According to Leone, Centola and Murgolo, the decision to appoint a new administrator would have been “confusing and arbitrary” and “it cannot be justified even in consideration of the suspicion of serious irregularities, as the Municipality of Manfredonia itself simultaneously presented a report of serious irregularities pursuant to art. 2409 cc at the Court, against the already revoked Board of Directors; essentially the Municipality, in the person of the Extraordinary Commissioner, first revoked for just cause the Board of Directors of the subsidiary ASE SpA and then asked the Judge to ascertain whether there are serious irregularities to support the revocation for just cause, thus demonstrating way of not having clear ideas or, better said, demonstrating that the revocation of the Board of Directors had rather a different and ultronary purpose, that is to immediately assume control of the management, through a trustee administrator not referenced, nor selected with the procedure provided for in the Articles of Association, which confirms the inferred conflict of interest of the shareholder, given the pursuit of an interest other than that of the company”.

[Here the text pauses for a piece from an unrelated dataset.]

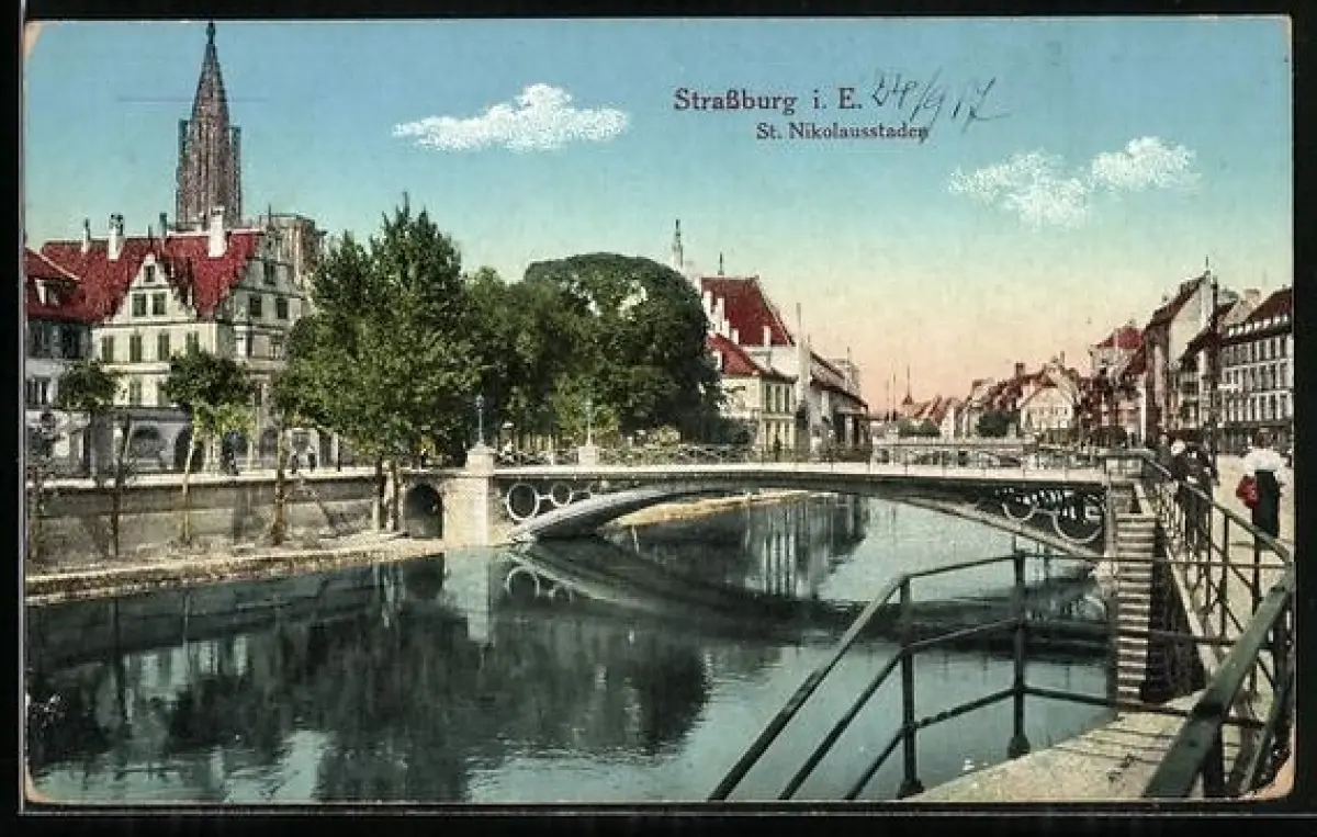 AK Straaburg i. E., St. Nikolausstaden mit Flusspartie

Finally, complaints about the lack of dialogue: “At the end of October 2023, the municipal council Rotice she was voted out of confidence and the Municipality was placed under commissionership in December. Having lost the political-administrative references, the Board of Directors promptly asked to be able to consult with the Prefectural Commissioner who, however, never intended to grant any hearing to the Board of Directors itself, nor interfaced in any other way with the Board of Directors”. A long legal battle awaits.